Besides: Does this series need a mythology? Both Godzilla and Kong have a rich screen history to draw on — this is the 38th movie for Godzilla and the 13th for Kong, and though they haven’t shared the screen until recently, they bring all of their baggage and back story with them. It feels like a desperate attempt for the crossover franchise to justify both its existence and its continuation.


Which is not surprising. This series’ track record induces whiplash. The 2014 film “Godzilla,” a kind of reboot of the original Toho series featuring the character, was a legitimately excellent film, balancing spectacle and human pathos. But then came “Kong: Skull Island” and “Godzilla: King of the Monsters,” both meant to build toward a shared universe, both of which were not just bad but real bummers. Next was “Godzilla vs. Kong” which wasn’t, technically speaking, good — but it promised confrontation and delivered it, with a late-breaking coda of unwilling and visually spectacular cooperation between massive ape and nuclear lizard.

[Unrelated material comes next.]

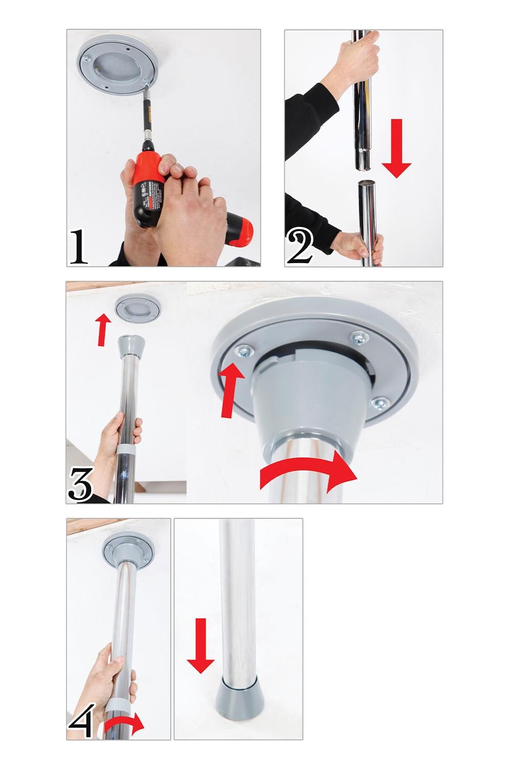 ASSEMBLY INSTRUCTIONS: The heavy-duty, stainless steel pole is easy to install and assembles in minutes. The only tools necessary for installation are a ladder, a power drill or screwdriver, and a stud finder. The Fantasy Dance Pole was designed to install in virtually any flat ceiling and uses a sturdy bolt-in mount. Vaulted ceilings, acoustic ceilings, and false ceilings aren’t recommended. Always check the durability of both the floor and the ceiling prior to installation to ensure sturdiness and safety. If you aren’t sure about installing the pole yourself, contact a qualified handyman to ensure proper installation.

It was a blast to watch, not least because the climax happened: The two monsters finally had their long-teased meeting.

But with that zenith in the rearview mirror, “Godzilla x Kong: The New Empire” has very little road left to cruise, and it shows. The best stretches involve Kong lumbering through the landscape, Godzilla stomping around crushing things, and of course the inevitable final confrontation, which has a few surprises up its proverbial sleeves. Kong in particular seems to have no problem communicating without human language, and those extended scenes are so fun to watch that it’s disappointing to swing back to the humans.

Certainly, humans can be a fruitful part of these monster movies. The recent Japanese film “Godzilla Minus One,” produced for a fraction of the “Godzilla x Kong” budget and recipient of the Oscar for best visual effects this year, manages to combine the creature with true pathos and a focus on the human cost of war, guilt and trauma. It’s more in line with the origin of Godzilla, too, as a metaphor for Japanese generational trauma related to the atomic bomb. In 2004, writing for The New York Times, Terrence Rafferty succinctly described the monster as embodying “a society’s desire to claim its deepest tragedies for itself, to assimilate them as elements of its historical identity.”

None of that is here. In fact, “Godzilla x Kong” is evidence the original thread has been lost entirely — a shame, in an era haunted by monsters the movies can only hint at, from climate catastrophe, destructive weaponry and geopolitical strife to power-hungry, brutal authoritarianism. There’s no reflection here at all, not even space to contemplate what might lie beyond the literal. Beyond the main cast, the humans in this movie exist only to get squashed like ants by falling debris and mangled buildings. They are expendable, but it doesn’t matter. The meaning of these films isn’t in metaphor at all. It’s in punching.

Be warned: There’s a lot of guts in “Godzilla x Kong,” guts from mammals and reptiles ripped in half, guts from sea monsters, Technicolor guts, way more than I expected. They feel appropriate, for a monster movie, and aren’t quite gross enough to merit an R rating. But as I pondered the guts, I found myself wondering one thing: When will someone have the bravery — the guts, you might say — to make a movie with Kong, and Godzilla, and various other titans and monsters, and no humans at all?

Or maybe there’s a greater question at stake: When will Hollywood have the guts to make a fun blockbuster like this that dares to acknowledge the real menacing monsters?